Resource-efficient frame-based non-Gaussian quantum noise spectroscopy and optimized control

Many state-of-the art qubit devices are exposed to noise that is temporally correlated (“non-Markovian”) and non-Gaussian. Characterizing such noise in a way that is accurate and useful for predicting arbitrary controlled dynamics is challenging given finite control resources. A recently proposed formalism [1] leverages the notion of a “frame” to generalize transfer filter-function techniques beyond the frequency domain and overcome important limitations of existing approaches. Notably, by tying the choice of frame to the available control, a model-reduced representation of the open-system dynamics is obtained, allowing efficient noise characterization under experimental constraints.

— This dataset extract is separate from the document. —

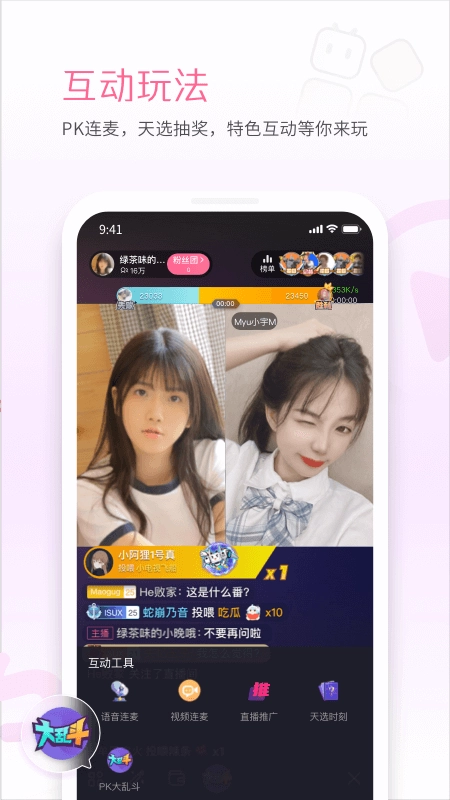 尊享大航海舰队,超强粉丝团,开启你的专享粉丝舰队 ;大乱斗、天选抽奖、语音连麦,一起直播一起high;超强弹幕互动体验、独特礼物效果, 打造属于你的打赏空间。
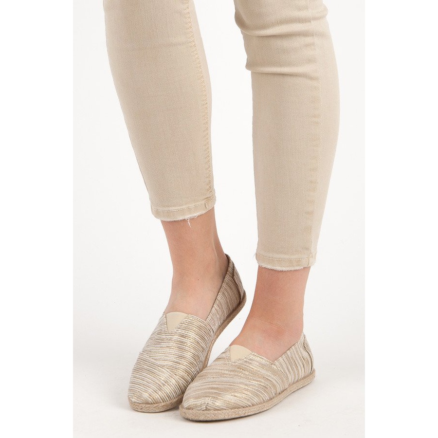 A parte superior das alpargatas é confeccionada em tecido com um atraente padrão listrado, que lhes confere leveza e frescor. A biqueira redonda torna-os confortáveis de usar e o fecho deslizante torna extremamente fácil calçar e tirar os sapatos.

Within this general framework, we show how to achieve digital noise spectroscopy of non-Gaussian classical dephasing using a window frame. Focusing on random telegraph noise as a concrete example, we demonstrate how non-Gaussian noise spectroscopy can provide high-order control-adapted noise spectra for qubit dynamics prediction and noise-tailored decoupling design. We find that, depending on the operating parameter regime, control that is optimized based on non-Gaussian noise spectroscopy can substantially outperform standard Walsh decoupling sequences as well as control that is optimized based only on Gaussian noise spectroscopy.



[1] T. Chalermpusitarak, B. Tonekaboni, Y. Wang, L. M. Norris, L. Viola, and G. A. Paz-Silva, Phys. Rev. X Quantum 2, 030315 (2021).